MicroRNAs (miRNAs) are short regulatory RNAs that are encoded in the genome. They act on messenger RNAs (mRNAs), which they recognize based on sequence complementarity, reducing the rate of protein translation and inducing to some extent the degradation of these target mRNAs. Hundreds of miRNAs have been found in the human genome, and computational models estimate that a miRNA targets on average hundreds of mRNAs. It is thus clear that miRNAs are part of extensive regulatory networks. An interesting question that emerges now is what factors can modulate the effects that miRNAs have on their targets.
Various analyses of miRNA targets suggested that many mRNAs contain more than one binding site for a single miRNA or can be recognized by several different miRNAs that are simultaneously expressed. This observation prompted the speculation that cross-talk between multiple complexes containing miRNAs, assembled on the same mRNA molecule, may increase the robustness of the translation regulatory response. Several studies have also reported that the activity of miRNAs can be modulated by RNA-binding proteins: HuR has been shown to relieve the miR-122-dependent inhibition of the cationic amino acid transporter 1 message under stress, while the dead-end protein (Dnd1) was shown to inhibit the access of miRNAs to their target sites in the primordial cells of zebrafish.

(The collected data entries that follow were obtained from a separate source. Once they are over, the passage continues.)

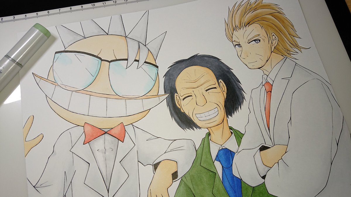 ワールドヒーローズより。大胆素敵な博士達を描きました。 「さあ、ワーヒータイムだ!」 #格ゲーキャラ描こうぜ #SNK #ワールドヒーローズ
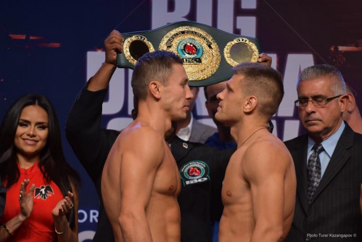 GGG - Деревянченко: Дуэль взглядов, слова перед боем и суммы гонораров Фото: Турар Казангапов
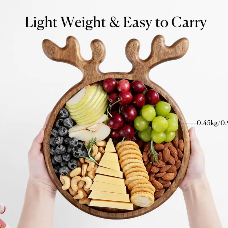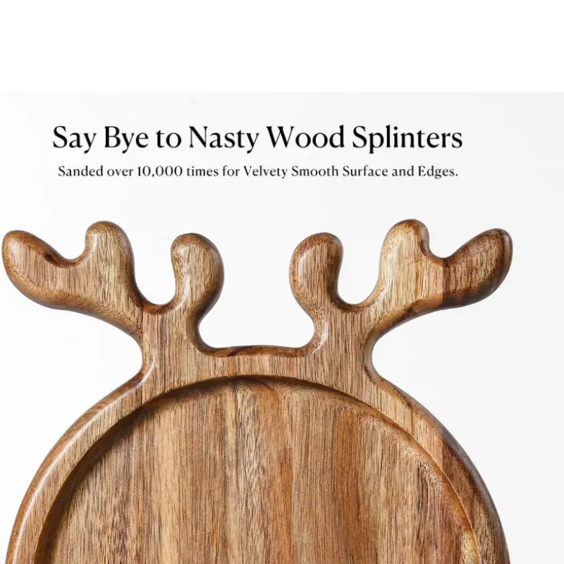 Made of 100% premium acacia wood from Thailand, only select the best 50% of the wood without any defects like scars or wormholes, our Christmas Decorative Reindeer Antler Serving Board is sturdy, not easy to crack or deform, and can last for years! The velvety smooth finish will not create harmful chemicals or wood splinters to stain the food. Go ahead and savor your delicacy!
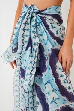 Striking– and just in time for the season, the Kennebunkport Pareo is completing all of our warm weather dreams! Lightweight, soft to the touch, and vibrantly fresh, this wrap style skirt can be worn as a coverup for an effortlessly chic beach to bar look. Plus, the kaleidoscopic inspired print is absolutely stunning. Throw on a suit, pack your beach bag, and you are sure to be in for a relaxing day under the sun.Â
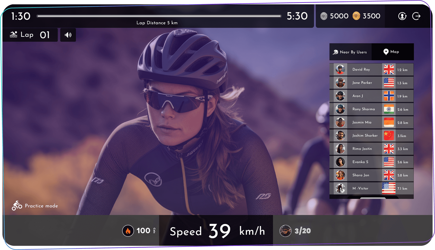 Unlike traditional spin bikes, Racing Gym is a fully gamified experience, allowing users to:

In this study we will combine analyses of experimental data with computational modeling in order to determine such modulatory interactions and to understand the nature of the selection pressures that act on mRNAs in evolution.

Keywords post-transcriptional regulation, RNA-binding protein, miRNA
Financed by Swiss National Science Foundation (SNSF)

Published results ()

  ID Autor(en) Titel ISSN / ISBN Erschienen in Art der Publikation
490987  Khorshid, M.; Rodak, C.; Zavolan, M.  CLIPZ: a database and analysis environment for experimentally determined binding sites of RNA-binding proteins  0305-1048 ; 1362-4962  Nucleic Acids Research  Publication: JournalArticle (Originalarbeit in einer wissenschaftlichen Zeitschrift) 
490991  Hafner, Markus; Landthaler, Markus; Burger, Lukas; Khorshid, Mohsen; Hausser, Jean; Berninger, Philipp; Rothballer, Andrea; Ascano, Manuel; Jungkamp, Anna-Carina; Munschauer, Mathias; Ulrich, Alexander; Wardle, Greg S; Dewell, Scott; Zavolan, Mihaela; Tuschl, Thomas  Transcriptome-wide identification of RNA-binding protein and microRNA target sites by PAR-CLIP  0092-8674  Cell  Publication: JournalArticle (Originalarbeit in einer wissenschaftlichen Zeitschrift) 
749218  Kishore, Shivendra; Jaskiewicz, Lukasz; Burger, Lukas; Hausser, Jean; Khorshid, Mohsen; Zavolan, Mihaela  A quantitative analysis of CLIP methods for identifying binding sites of RNA-binding proteins  1548-7091  Nature Methods  Publication: JournalArticle (Originalarbeit in einer wissenschaftlichen Zeitschrift) 
749220  Berninger, Philipp; Jaskiewicz, Lukasz; Khorshid, Mohsen; Zavolan, Mihaela  Conserved generation of short products at piRNA loci  1471-2164  BMC Genomics  Publication: JournalArticle (Originalarbeit in einer wissenschaftlichen Zeitschrift) 
1618729  Khorshid, Mohsen; Hausser, Jean; Zavolan, Mihaela; van Nimwegen, Erik  A biophysical miRNA-mRNA interaction model infers canonical and noncanonical targets  1548-7091  Nature methods  Publication: JournalArticle (Originalarbeit in einer wissenschaftlichen Zeitschrift)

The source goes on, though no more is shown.